Some more niche forms of protein are currently in research. This varies from producing a methane-based protein to using gene sequencing to create milk without the cow. There is also a growing market for seafood alternatives, given that shrimp has a carbon footprint ten times greater than that of beef and the fact that 90% of global fish stocks are overwhelmed.

It is impossible to turn a blind eye to the issue at hand. The environmental mark which livestock production leaves is irreparable. Removing meat from the human diet would reduce 60% of the food-related greenhouse gas emissions, but this is perhaps not a viable option for many. The issue is complex; and political, ethical, economic, and cultural spheres tend to merge until it is unclear where the next step should be taken. For example, lab-grown meat boasts to expel only 4% of the greenhouse gases produced in conventionally farmed beef, yet it comes with its own high costs for electricity and heating.

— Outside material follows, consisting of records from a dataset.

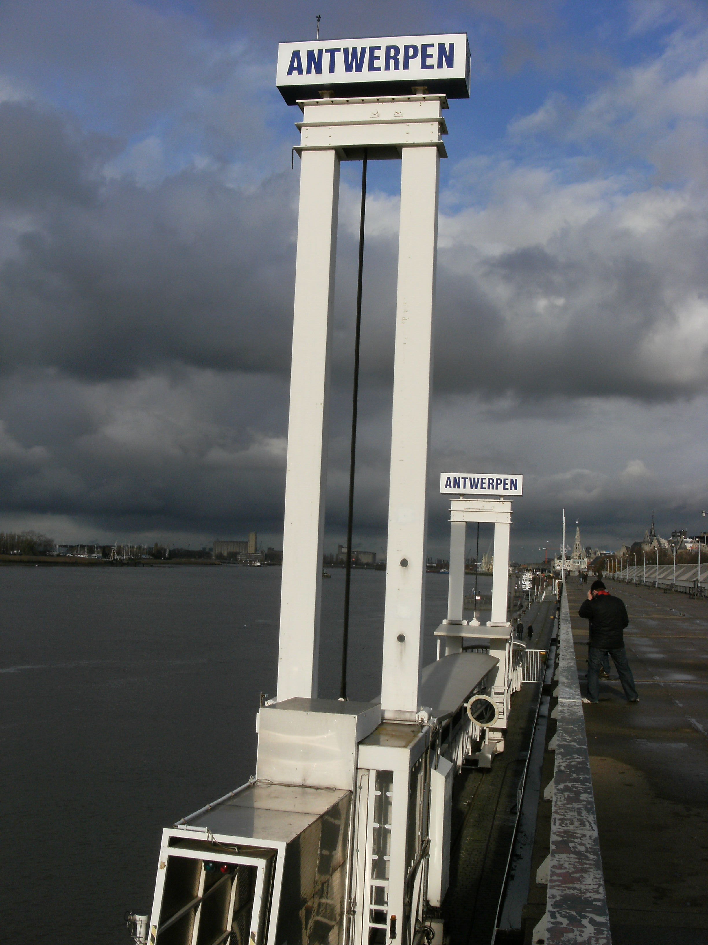 Antwerpen pier Antwerpen.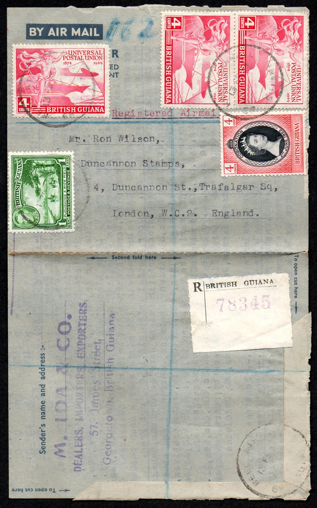 A 1954 aerogramme of British Guiana bearing multiple stamps and registered.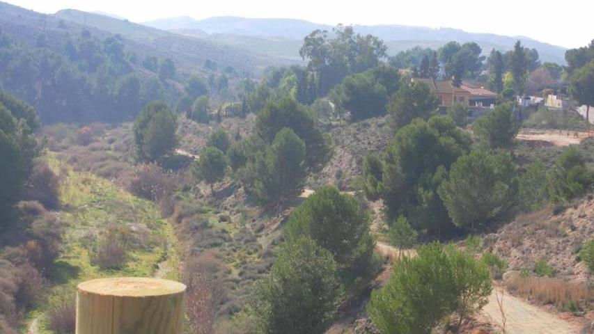 Vista del paraje natural de la Rambla Salada en Las Torres de Cotillas.

The world population is expected to grow to 9.6B by 2050, meaning a 61% increase in food demand. In countries like China, protein consumption is expected to grow 3-4% per year due to a growing middle class. This only emphasises the desperate need for a unified stance for tackling climate change by the horns; quite literally. Thankfully, China introduced an ambitious plan in 2017 to cut the country’s meat consumption by 50%.

Even if we eliminate meat consumption entirely, there is a heavy toll on global economies and businesses. The meat sector is the largest employer within US agriculture and countries such as Brazil rely heavily on cattle exports to sustain itself. The hope lies in that fact that the global population is unlikely to ever cut livestock production to such extreme lengths. Even as necessary cuts to livestock companies occur, these will be gradual and new jobs will open up within the alternative protein branches.

Whether we are playing God by engineering our own meat or pulverising insects in an attempt to overcome the picky Western consumer, the conversation about the future of animal products in our world will go on. In order to ensure the most stable future for the next generation and for our fellow animals we must innovate and change. Now there is food for thought.